The 6 p.m. game takes effort, but at least it’s a different team this time—a selection of players from Alabama and Georgia. We go the entire second period without a shot on net, but it’s more competitive than it sounds. My best play—a steal at the blue-line and potential breakaway—was negated by a prolonged stumble of wobbledy ankles and eventual fall. I keep my cool about it until a linemate mentions how close it was to an awesome play. “FUCK!” I respond.
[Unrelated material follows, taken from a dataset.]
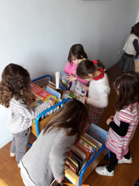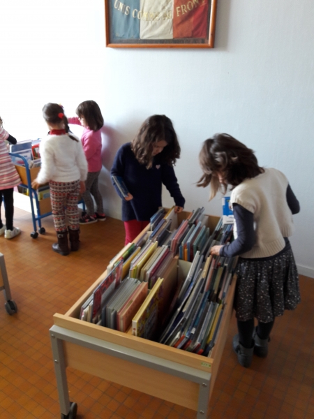Puis, nous avons un temps pour choisir des albums ou petits livres adaptés au niveau des CP que nous empruntons pour un mois environ.
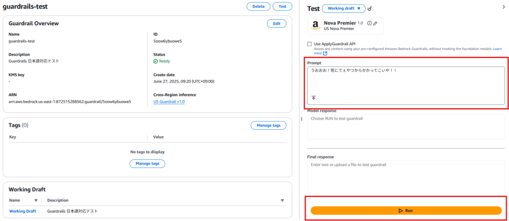 AWS マネジメントコンソール上で動作を確認することが出来ます。今回は、ゲームキャラクターを模したプロンプトで検出がされるか検証しました。

Later, Little J, who’s been our lone fan for the day, commends my ability to shield the puck even as I fall down. Good man.

An opposing player “goes batshit crazy,” to Kamikaski’s estimation, and attacks J.D. after the goalie covered the puck. Somehow both players get penalties. Kamikaski and her football pads are ready to nail someone, but order prevails.

Shut out in another loss.

Postgame pizza party to watch even more hockey at the Harribles’ house. The young ‘uns—Little K and Hands—show up with, I shit you not, juice boxes and fruit-by-the-foot. Lefty and I put cheese puffs on our pizza. Inspired by my negated breakaway, Hands shows me—and then everyone else—a video of a runway model wobbling and falling in too-high heels. Guffaws. “I hate you all.”

Sunday locker room conversations are both celebratory and somber—work and real life loom, and talk turns to impending deadlines and asshole fourth-graders. Male hockey players are predominantly blue collar—landscapers, plumbers, welders, firemen. Percentage-wise, female hockey players are overwhelmingly teachers. I could run down a few theories for why this is, but maybe it’s better you ponder it on your own.

The game is our best yet—a 2-2 tie against the out-of-staters, despite the fact that J.D. had her own batshit moment and got tossed for mouthing off at the ref. But I’m subdued by exhaustion, frustration and an inability to get my juju going. I try not to let my cloud affect the team’s celebration, and it eventually clears. Yet more post-game locker room hangout time–feet on bags, beers in hand–stretches indefinitely into the afternoon.